In 2011, Algeria, Australia, Canada, China, Colombia, Denmark, Egypt, the European Union, France, Germany, India, Indonesia, Italy, Japan, Jordan, Morocco, The Netherlands, New Zealand, Nigeria, Pakistan, Qatar, Russia, Saudi Arabia, South Africa, Spain, Switzerland, Turkey, the United Arab Emirates, the USA and the UK came together to form the Global Counterterrorism Forum (GCTF), an international body for the coordination of efforts to “fight terrorism around the world” outside of the mandate of the United Nations. Soon after its launch, Abu Dhabi hosted the first meeting on Countering Violent Extremism (CVE) in 2012 as the joint chair (with the UK) of the CVE Working Group for the GCTF.
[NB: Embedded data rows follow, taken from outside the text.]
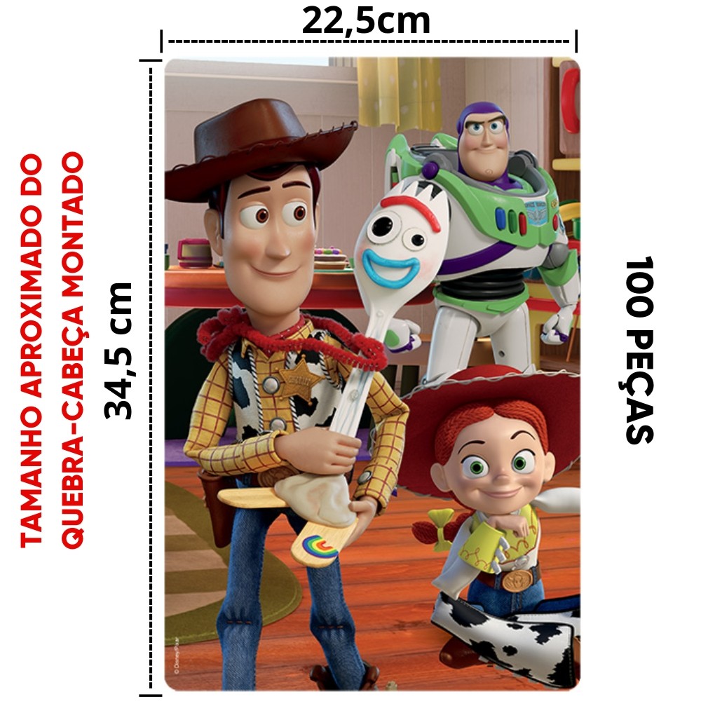 QUEBRA CABEÇA TOY STORY 4 DISNEY 100 PEÇAS TOYSTER BUZZ WOODY BETTY ANDY LOTSO FILME BRINQUEDO PIXAR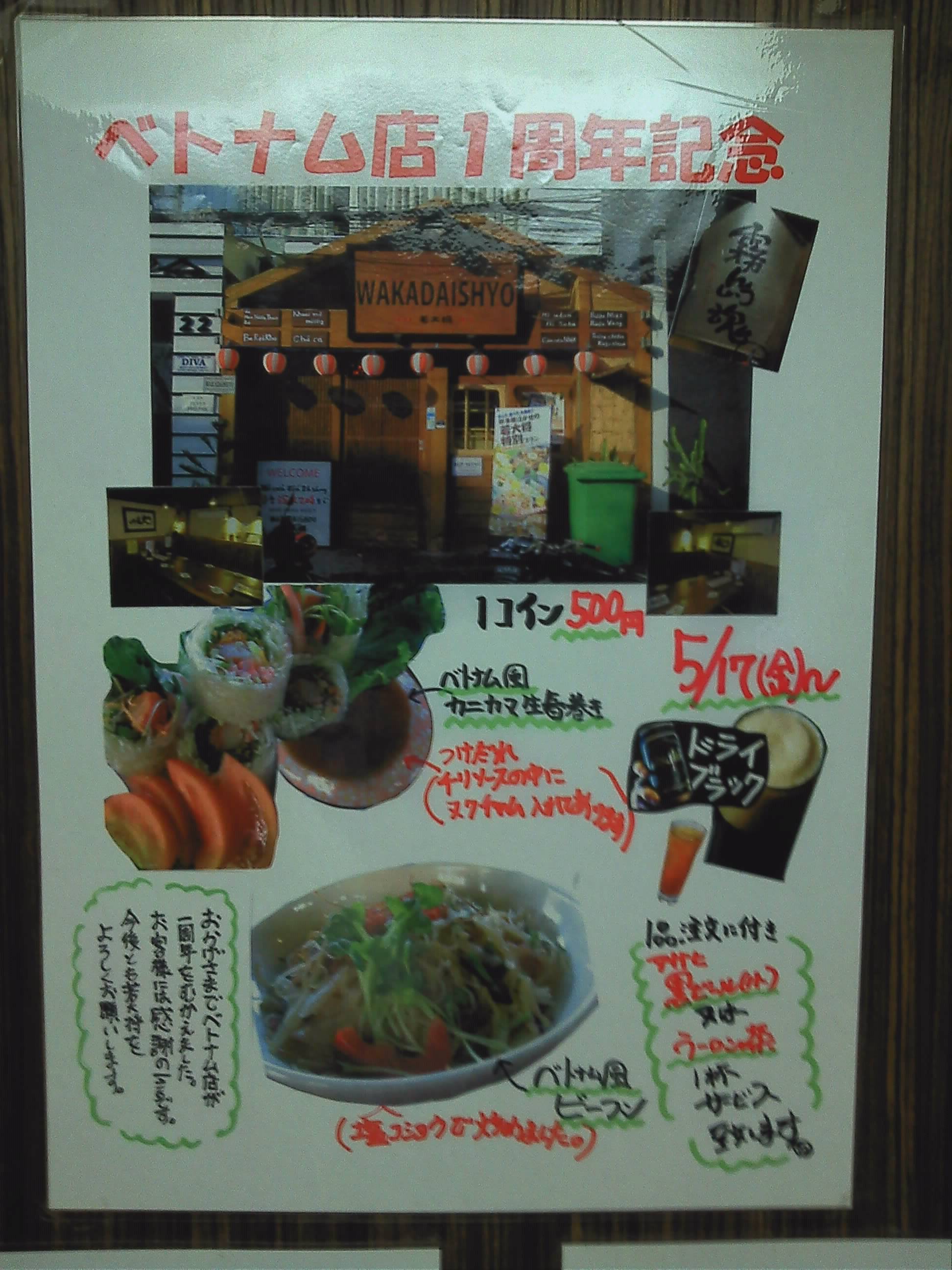 ベトナム店一周年記念 2013年5月17日 おかげさまで今日、5月17日で 若大将ベトナム店が一周年を迎えました\(^o^)/ 今月末までの間、 ビーフンとカニカマ生春巻きと 2種類ワンコイン(500円)で やります 一品たのむと ウーロン茶か黒ビールの小を 一杯サービス致します(>_<)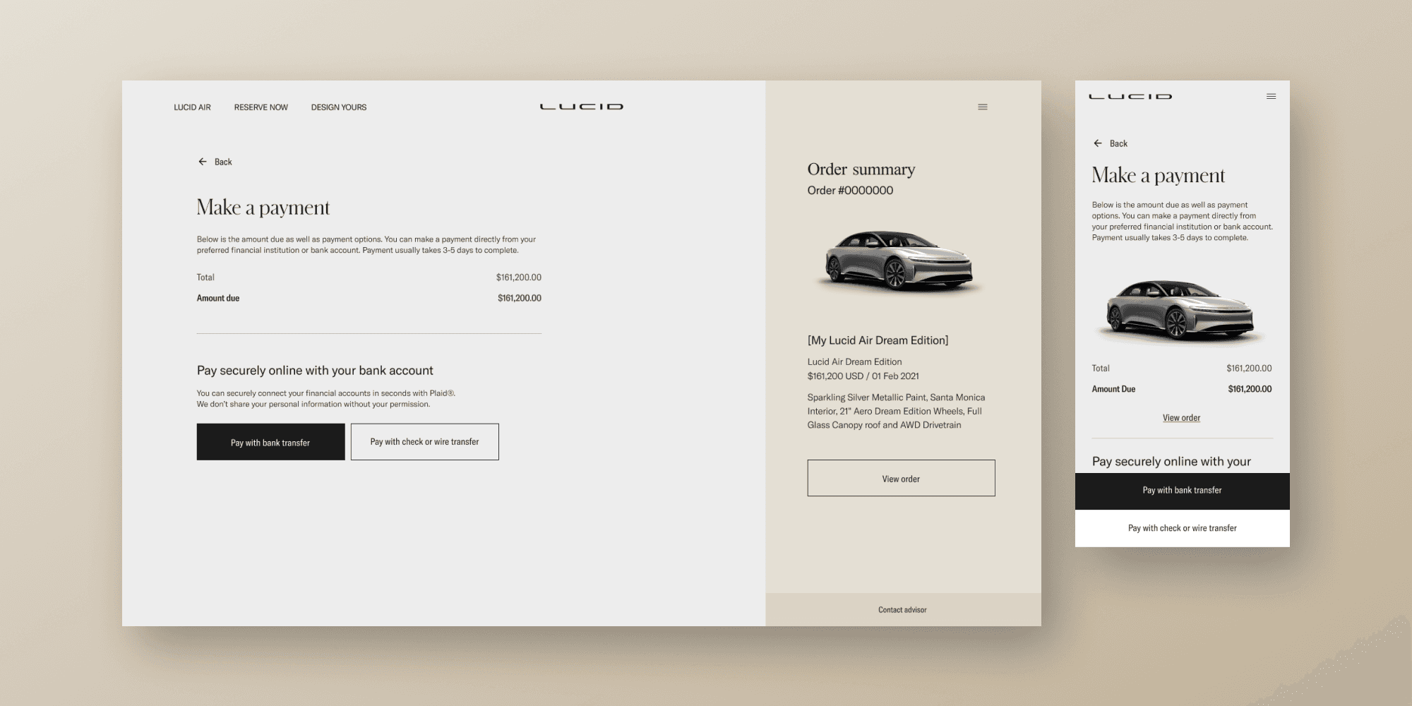 Lucid Motors is an American electric vehicle company that needed to introduce a way to take payments through its web application. The project aimed to revolutionize the payment process for Lucid Motors by integrating SAP and Plaid into its web application. Spanning 16 weeks, the project was comprised of a diverse team, including product designers, a product manager, engineers, and a delivery lead.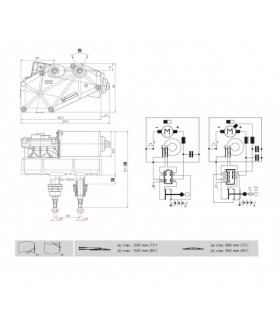 DOGA torkarmotor modell 319 med 2 drivaxlar A12 x M8 gänga och splines. DIN 72783. Finns med 1 eller 2 hastigheter. Max kapacitet 50 Nm. Kontinuerligt vridmoment 10 Nm. Automatisk stopp samt försedd med RFI-avstörning enligt norm 95/54/CE. Max. längd 1500 mm arm/blad tillsammans.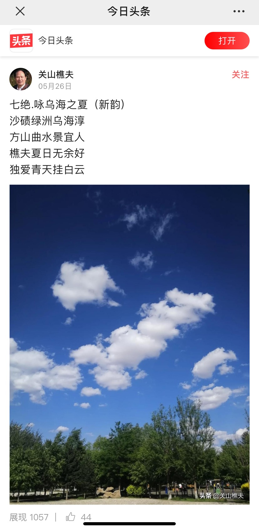 共有18055人关注过本帖树形打印主题:关山樵夫七绝:咏乌海之夏(新韵) |
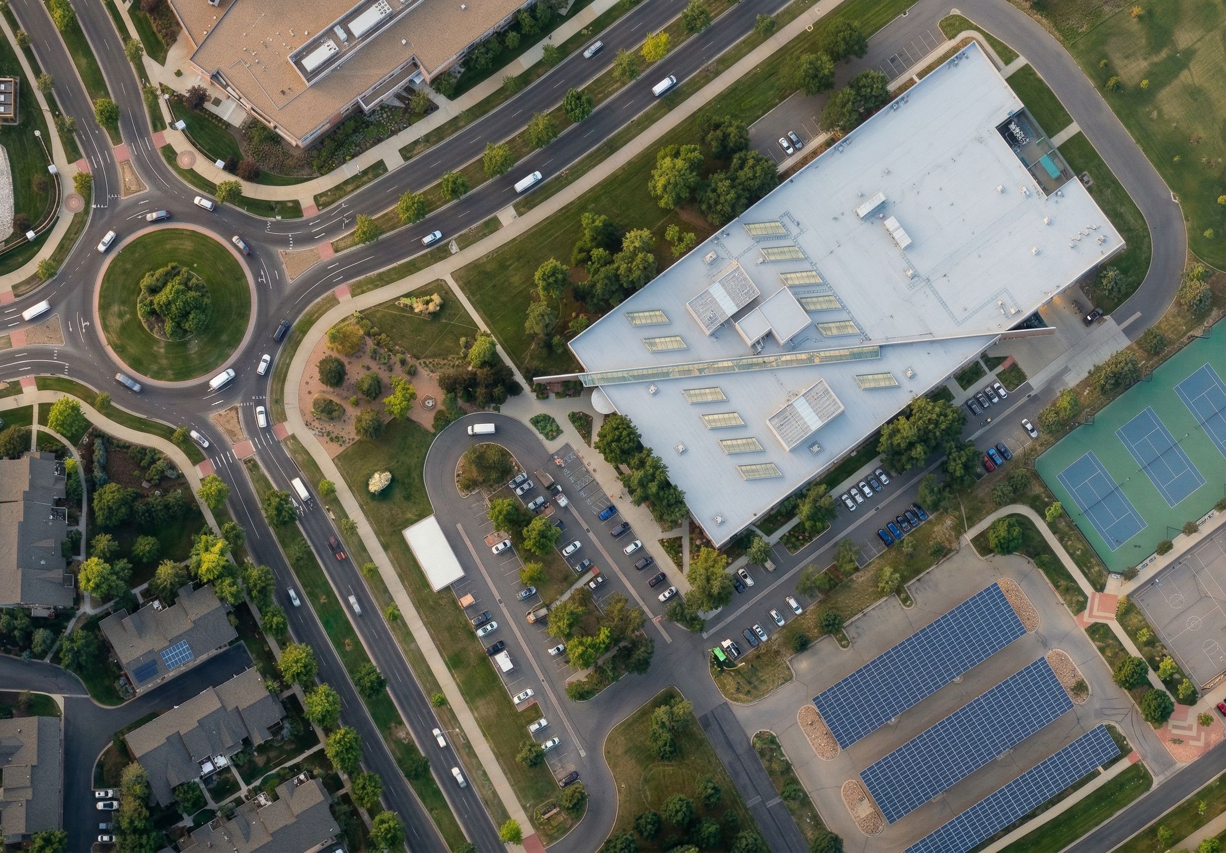 PromptKeep everything the same, but remove the green roof from the large building in the image.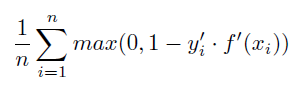 With this calculation, when the prediction f(xi) and actual yi have the same sign (a correct prediction) and the predicted value >= 1, the error is considered 0, while when they have a different sign (an incorrect prediction), the error increases linearly with f(xi).

The CVE Working Group provided the UAE with the perfect platform to continue its programme of political repression and resisting any attempts to call for constitutional reform in the country, often deploying the narrative of securitisation to that end. According to Arun Kundnani and Ben Hayes:

…the UK’s ‘Prevent’ strategy has been dogged by a crisis of legitimacy since its inception, while the UAE’s CVE efforts have included a strict ban on the regime’s political opponents, the Muslim Brotherhood, and the mass deportation of Shi’a residents.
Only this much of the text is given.